La volonté d'en finir avec le dossier Aveos a aidé Air Canada à surmonter ses réticences de longue date à l'égard de la C Series de Bombardier. Mais comme le transporteur a obtenu un très bon prix pour des appareils encensés par les spécialistes, personne ne lui en voudra de ne pas avoir choisi des Embraer ou des Boeing. En prime, Air Canada a gagné quelques points dans l'opinion publique.

UN MILLIER D'EMPLOIS ?

De son côté, le gouvernement Couillard tenait à donner un autre coup de pouce à la C Series, qu'il voit comme l'avenir de l'industrie aéronautique québécoise. La ministre de l'Économie, Dominique Anglade, soutient qu'un « centre d'excellence mondial » de maintenance d'avions C Series pourrait employer au moins 1000 personnes à terme, à condition toutefois que d'autres compagnies aériennes fassent appel à lui en plus d'Air Canada.
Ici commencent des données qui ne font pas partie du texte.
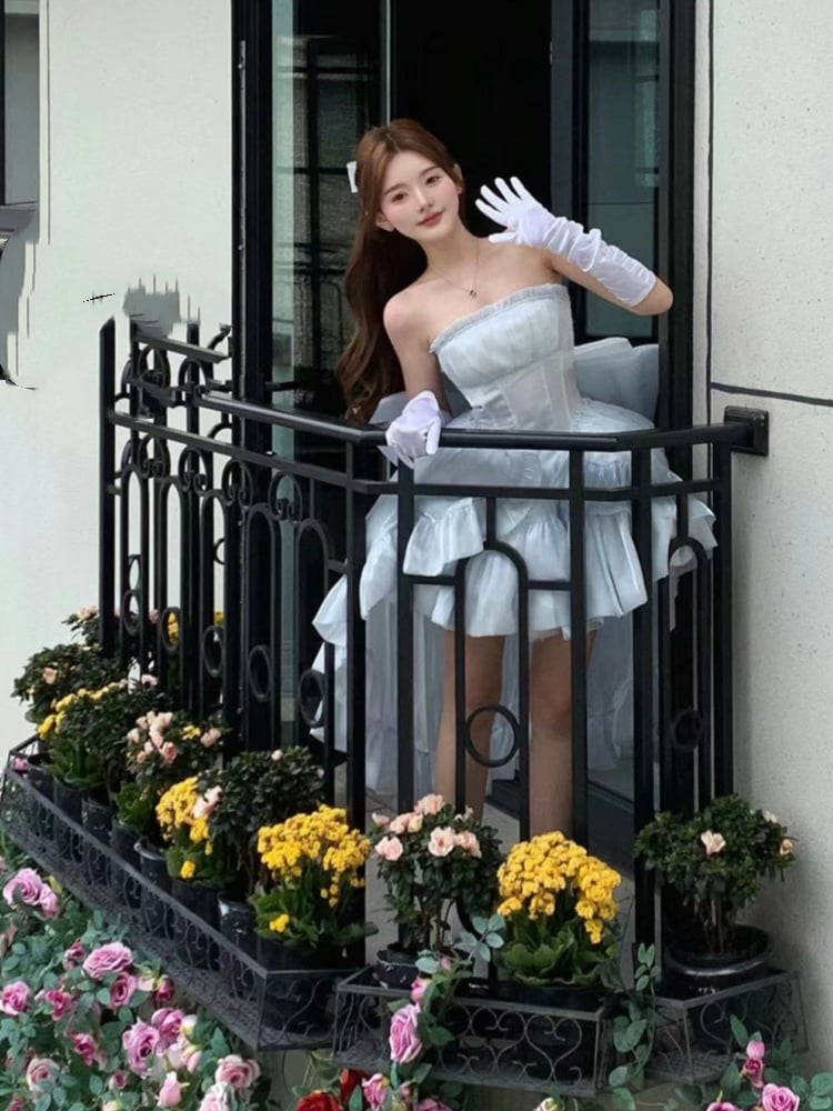 Balletcore Strapless Princess Puff Dress Sleeves Blue

Selon Mme Anglade, même si Québec avait gagné en Cour suprême, il est loin d'être certain qu'Air Canada aurait rapatrié ici l'entretien lourd de ses avions, qui est principalement effectué au Minnesota depuis 2012.
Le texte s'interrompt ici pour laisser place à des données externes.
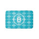 Élégant monogramme aqua bleu Jacquard bain motif mat tendance forme losange design avec personnalisation couleur arrière - plan ie bleu turquoise. Typographie classique pour la lettre initiale monogrammée. Créez votre propre intérieur de salle de bain classe avec ce modèle design. Initiales de nom personnalisées. Jolies idées de déco maison pour votre maison. Convient aux hommes et aux femmes. Tapis de salle de bain tendance rétro pour la maison ou l'hôtel.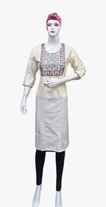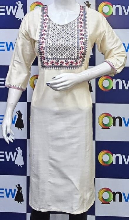 Crafted with premium-quality fabric, it offers unmatched comfort and breathability, ensuring you feel as good as you look. The embroidery design enhances the aesthetic appeal, creating a stunning contrast against the kurti's base color, making it perfect for casual outings, festive celebrations, or office wear.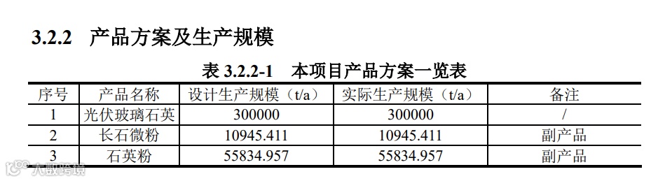 设计年产 30 万吨光伏玻璃石英(副产品:长石微粉 10945.411 吨、石英粉 55834.957吨),租赁福建省中达光电科技有限公司2栋厂房及附属设施。厂区职工定员30人,年工作300d,日工作 24h。
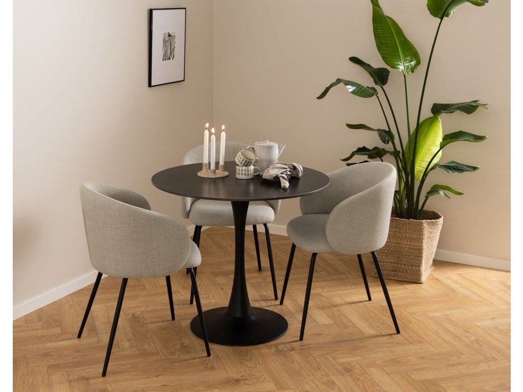 Jedálenská stolička Eleanor s podrúčkami je elegantný kúsok, ktorý sa hodí do akejkoľvek gastro prevádzky, reštaurácie, kaviarne ale aj do priestorov hotelov a domácnosti. Sedadlo a operadlo stoličky sú čalúnené odolnou béžovou látkou a poskytujú pohodlné sedenie. Čierne kovové nohy vytvárajú štýlový kontrast a zároveň zaisťujú odolnosť. Rozmery stoličky: Výška 79 cm. Šírka 55,5 cm. Hĺbka 55 cm. Výška sedadla 49,5 cm. Šírka sedadla 48 cm. Hĺbka sedadla 46 cm. Výška lakťovej opierky je 70 cm.

Et que dire des 1700 ex-salariés d'Aveos ? « La grande majorité d'entre eux, si ce n'est pas la totalité, se sont replacés », a insisté la ministre. David Chartrand, de l'Association internationale des machinistes et des travailleurs de l'aérospatiale, n'en est pas si sûr. Environ 200 ex-employés ont été embauchés par les firmes Lockheed Martin et AJW, qui ont repris une partie des activités d'Aveos. Quelques dizaines d'autres sont allés chez Premier Aviation, Avianor ou Bombardier, alors que certains ont opté pour une retraite anticipée. « Mais ce n'est pas vrai que tout le monde s'est retrouvé du boulot », dit M. Chartrand.
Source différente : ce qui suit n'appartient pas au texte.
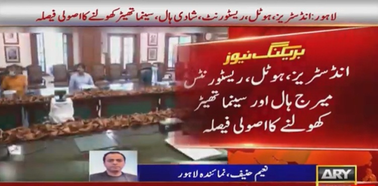 تفصیلات کے مطابق وزیراعلیٰ پنجاب کی ہدایت پر کابینہ کمیٹی برائے کرونا کنٹرول کا خصوصی اجلاس ہوا جس میں انڈسٹریز، ہوٹل، ریسٹورنٹس، میرج ہال اور سینما تھیٹر کھولنے کا اصولی فیصلہ کیا گیا۔

Le premier ministre manitobain, Greg Selinger, a indiqué hier que son gouvernement négociait actuellement avec Air Canada dans le but de récupérer en tout ou en partie les quelque 400 emplois d'Aveos perdus à Winnipeg en 2012. « Si on réussit à s'entendre sur un nombre raisonnable d'emplois », la province pourrait elle aussi envisager d'abandonner sa poursuite contre Air Canada, a affirmé M. Selinger à La Presse Affaires.

Dans le milieu de l'aéronautique, on voit mal comment le jugement d'un tribunal aurait pu faire renaître l'entretien lourd d'aéronefs au Québec. « Ç'aurait été comme de l'acharnement thérapeutique de tenter de relancer des activités dans lesquelles nous n'étions plus concurrentiels », a estimé Mme Benoît. 

Isabelle Dostaler, professeure à l'Université Concordia, a quant à elle souligné que l'engagement d'Air Canada allait permettre au Québec d'acquérir un savoir-faire de pointe dans la maintenance d'avions faits de matériaux composites.